The SPF inversion method is verified with scaling experiments with the scene of attitude inversion. The transmission process of light in scale experiment, the halogen lamp and parallel light tube used in the experiment can be seen in the literature [31]. The satellite model is shown in Figure 2. The size of the satellite model is 8 cm × 3.5 cm × 4 cm. The surface material is aluminized polyimide film and the monocrystalline silicon.

The experimental layout and the light source image in CCD are shown in Figure 3. The satellite model rotates on the turntable. The parameters in the experiment are shown in

Table 1. Parameters in the experiment.

Parameters in the Experiment
total pixel	1060 × 1040
effective pixel	1024 × 1024
cell size	6.45 μm × 6.45 μm
focal length of the camera	10 mm
viewing angle	23.7°
fixed exposure time	50 ms

.

Figure 4 shows the gray level changes under different rolling angles when the phase angle is 25° and the satellite rotates around the Y axis of the maximum inertia axis. The pitch angle and yaw angle are both 0°.

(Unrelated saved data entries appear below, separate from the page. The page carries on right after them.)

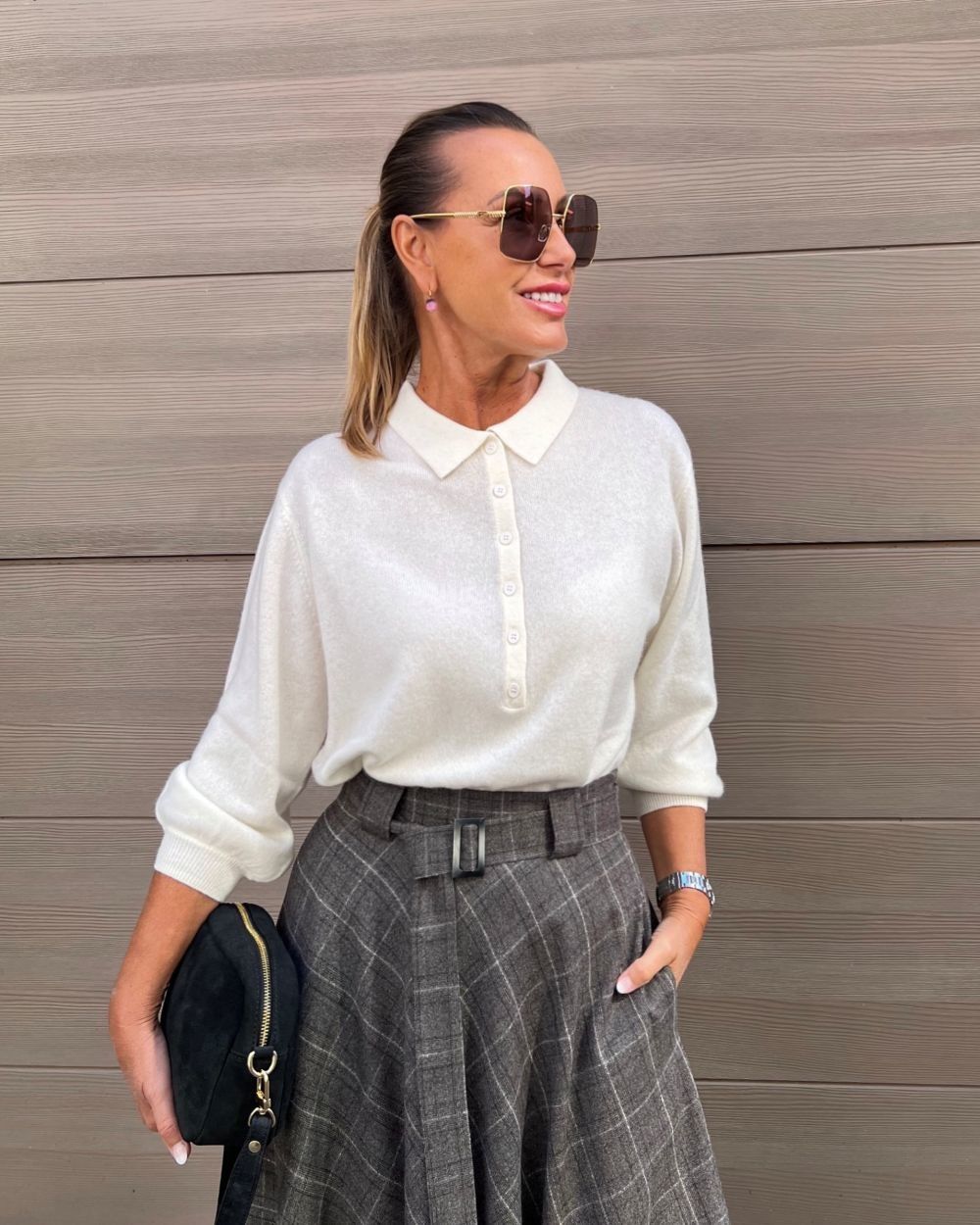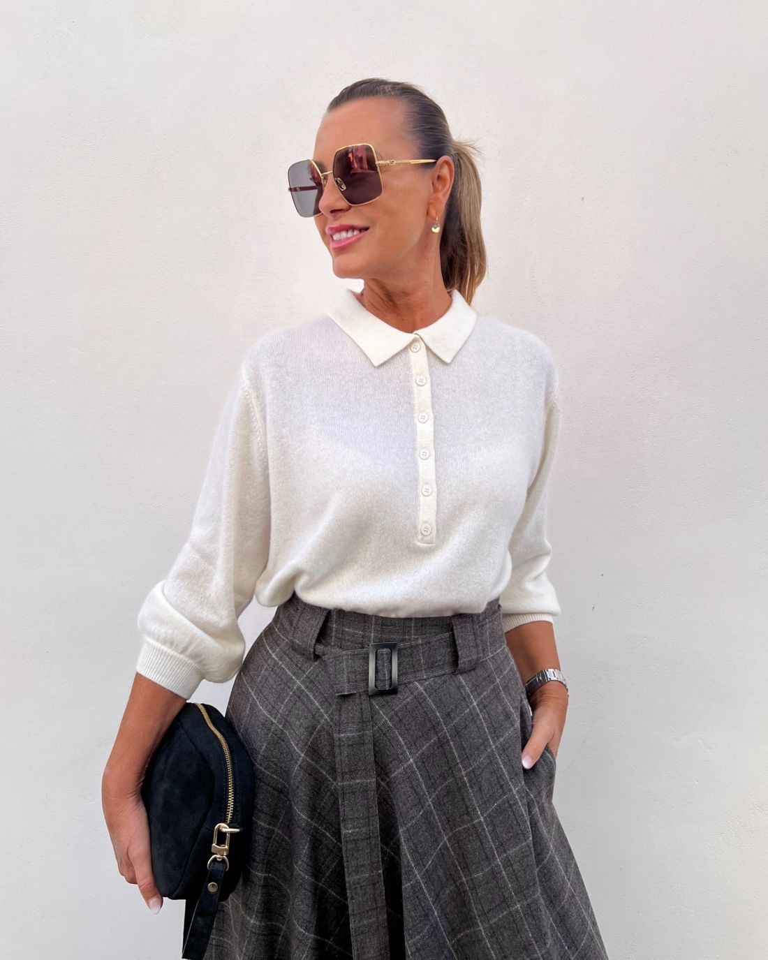 Maglia Polo Panna SOLO CASCMIR 100% cashmere, manica 3/4
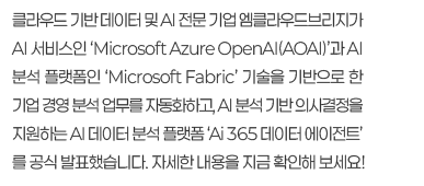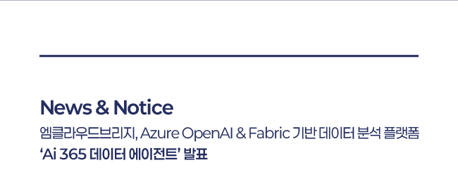 • News & Notice : 엠클라우드브리지, Azure OpenAI & Fabric 기반 데이터 분석 플랫폼 ‘Ai 365 데이터 에이전트’ 발표
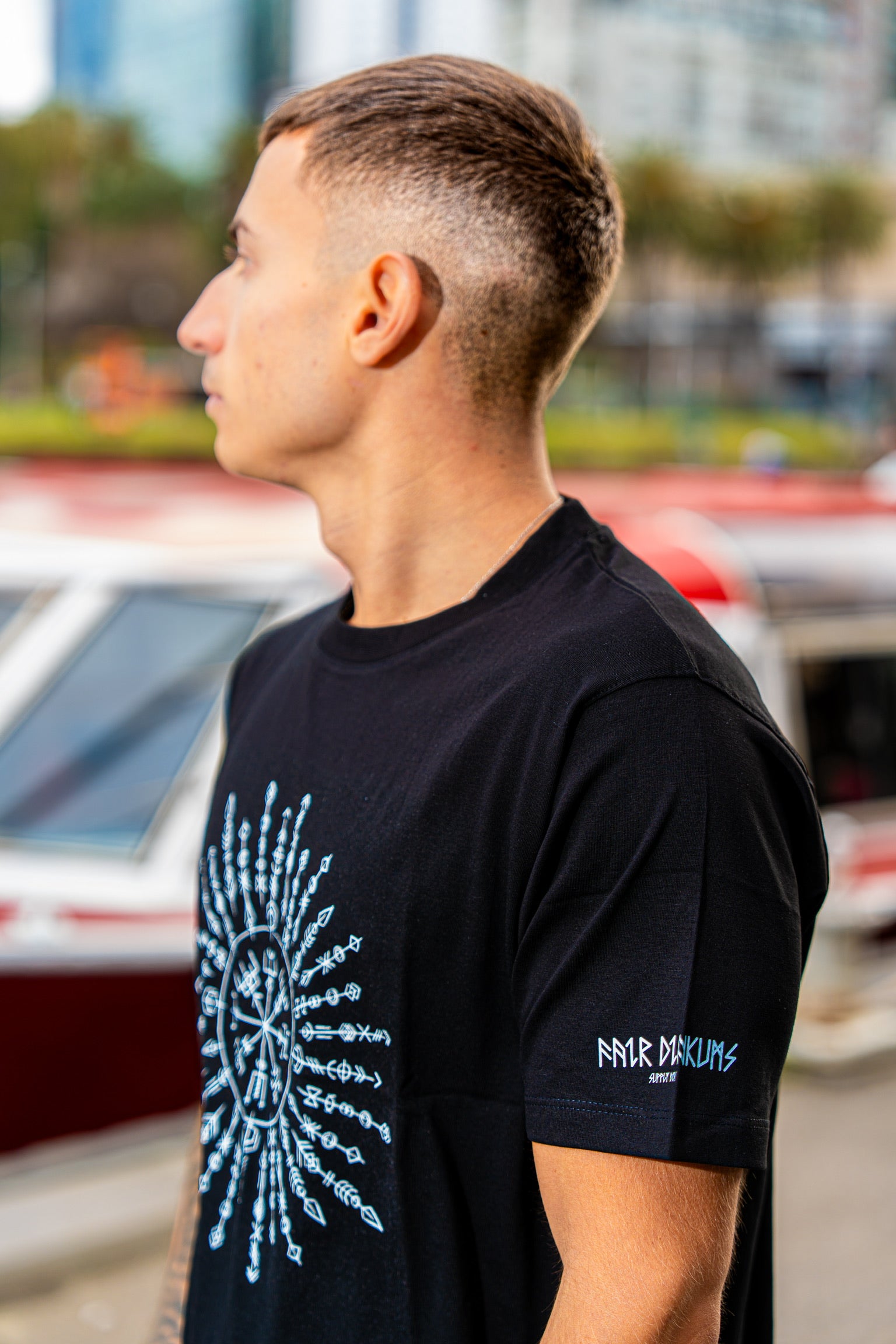 The intricate Vegvísir print sits boldly on the chest, balanced by the Fair Dinkums Supply Div. sleeve logo — minimal, iconic, and unmistakably ours.
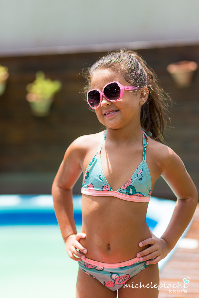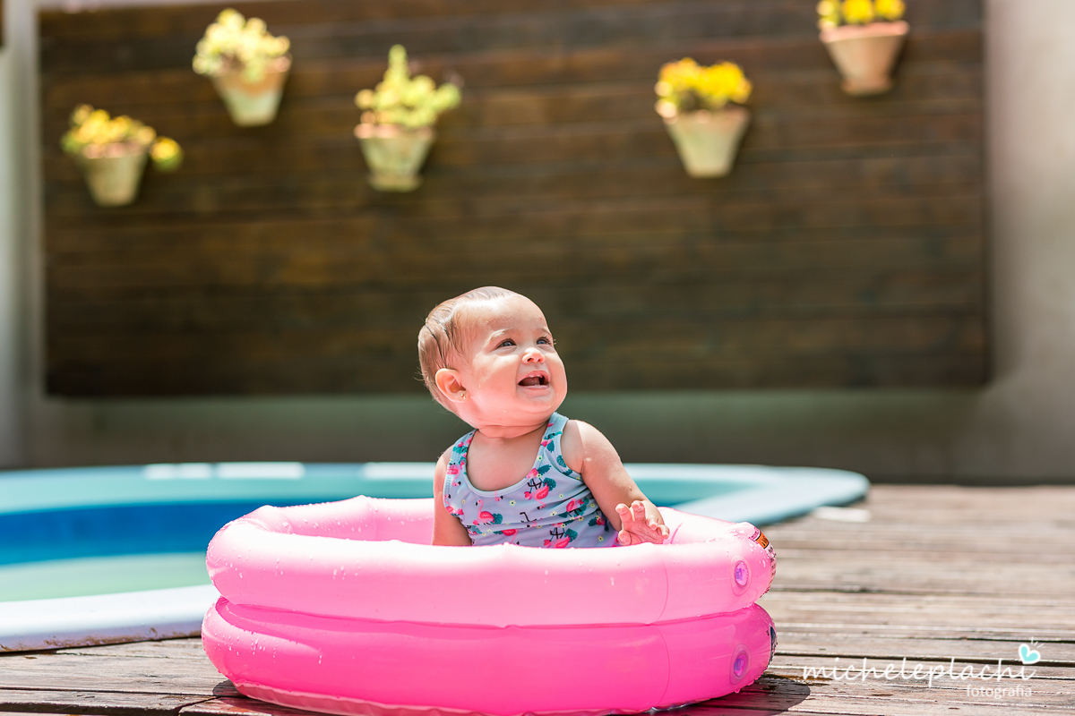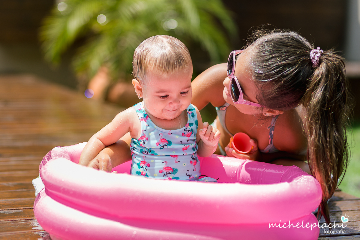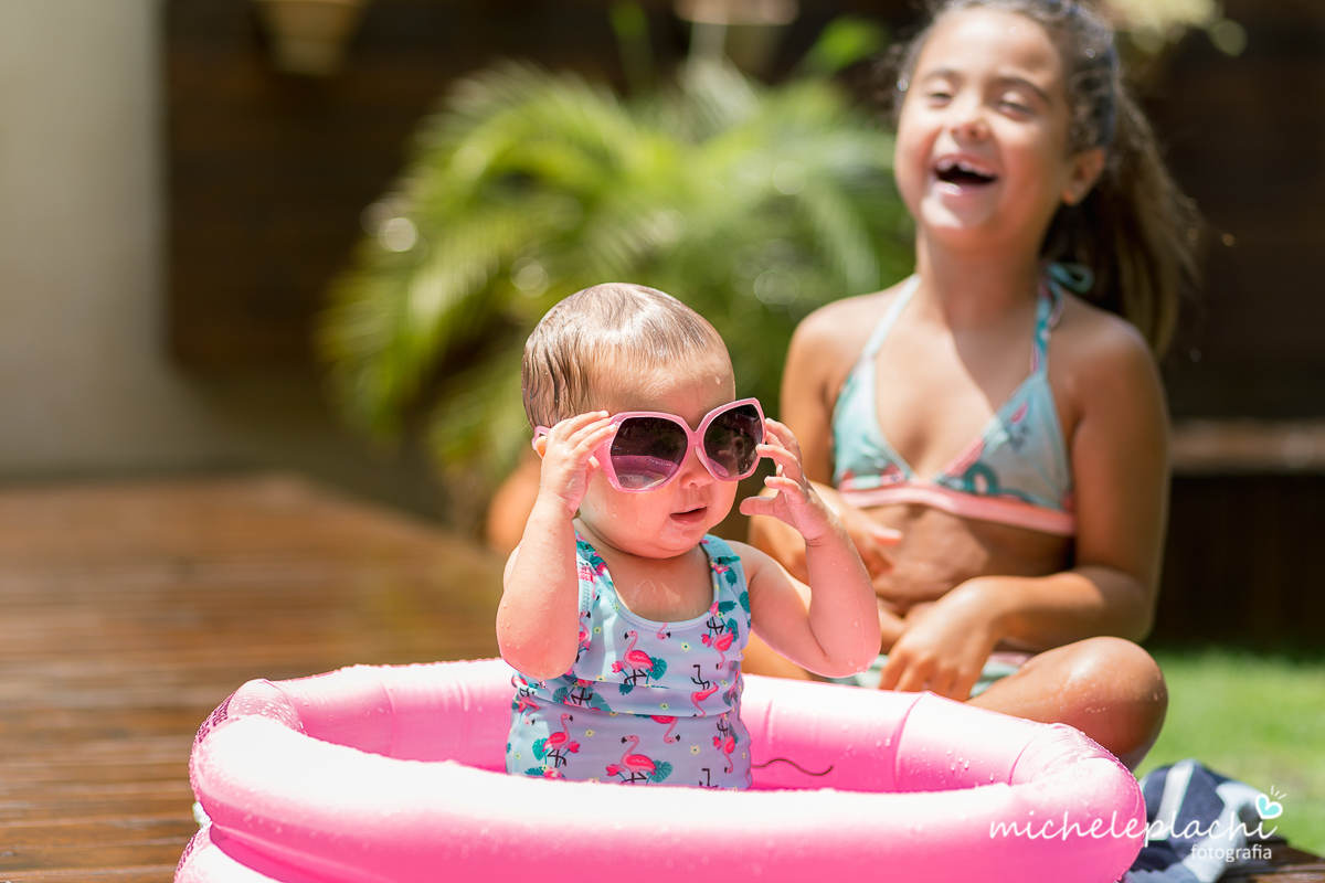 Na casa da pequena Alice, fotografamos no quarto e na piscina. Foi super divertido!

The simulation time is set to be from 22:00 to 23:00 on 25 November 2022, the observation station is set to Beijing and the satellite is set to Kompsat-2B. The phase angle change of the satellite during the observation period is calculated as the basis for the phase angle measurement of the scaling experiment. The initial attitude of the simulation is taken as the initial attitude of the scaling experiment. A part of the photometric measurement data is shown in Figure 5.

The number of particles is set to 5000. Figure 6 shows the comparison of the attitude inversion results of space object based on SPF and PF at different times. It can be seen that the estimation error of the SPF is less than that of PF, especially at the moment when the error of PF algorithm is large such as time 288, 290, 316, 318, etc., and the estimated value is closer to the real characteristic parameters of the space object, which shows that the SPF inversion method can effectively improve estimation accuracy. The improved accuracy of SPF compared with PF is shown in Figure 7.

Figure 8 shows the RMSE of the inversion error of SPF and PF filter after 30 experiments. During these simulations, the estimation in Equation (13) of the covariance matrix is all stable. It can be seen that the RMSE value of SPF is about 0.1 less than that of PF, which not only shows that the inversion result based on SPF is better than the inversion result based on PF, but also proves the effectiveness of the inversion method based on SPF.

4. Discussion

This paper provides a new inversion method based on SPF, which combines the estimation results of the standard PF algorithm and the resampling algorithm of the particle generation process. The first particle filter identifies particles near the real state. Before the second particle filter, it is equivalent to the actual state distribution of the system that is known, so that the distribution of initial particles can be set more efficiently and effectively, and the number of particles close to the real state of the system can be increased. Experiment results show that the estimation error and the RMSE of the inversion error of SPF is less than those of PF, which shows that the inversion result based on SPF is better than the inversion result based on PF. The SPF method can inverse SOC from photometric data and has strong universality, which can be integrated with other PF methods such as UPF. However, sometimes its results are difficult to converge, which is a problem that we need to further study and overcome in the future.